The new model is a massive open-source mixture of experts model, a significant upgrade from the previous 8x7b model.
Mistol AI announced the model with a unique approach, simply dropping a torrent link with no additional information.
The base model is not fine-tuned, but a fine-tuned version called Kurasu Mixt 8x22b is available for chat.
Informatica Doai is used to run the inference of the model, offering a free platform for testing the latest models.
The model passed the test of writing a Python script to output numbers 1 to 100.
The model demonstrated the ability to write a game of Snake in Python, albeit with some issues.
The model showed uncensored behavior when pushed, indicating potential for further refinement.
The model provided a logical and correct answer to a drying time problem involving shirts.
The model correctly applied the transitive property to determine speed among three individuals.
The model made a mistake in a simple math problem, initially providing an incorrect answer but correcting it with step-by-step explanation.
The model failed to accurately predict the word count in a response to a prompt.
The model incorrectly reasoned in the 'killers in a room' logic problem, showing a misunderstanding of the scenario.
The model successfully created JSON for given data about people, demonstrating understanding of data structuring.

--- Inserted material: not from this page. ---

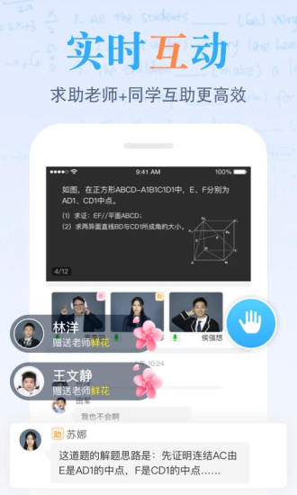 2、人人可学:支持多人同步面对面授课和学习。人人都可参与课堂互动

The model provided a nuanced explanation for a scenario involving John, Mark, a ball, a box, and a basket.
The model attempted a challenging task of generating sentences ending with the word 'Apple', but did not fully meet the criteria.
The model gave a correct and detailed explanation for the time it would take 50 people to dig a 10-ft hole.
Overall, the Kurasu fine-tuned version of the 8x22b model performed very well, showing potential for further improvements through fine-tuning.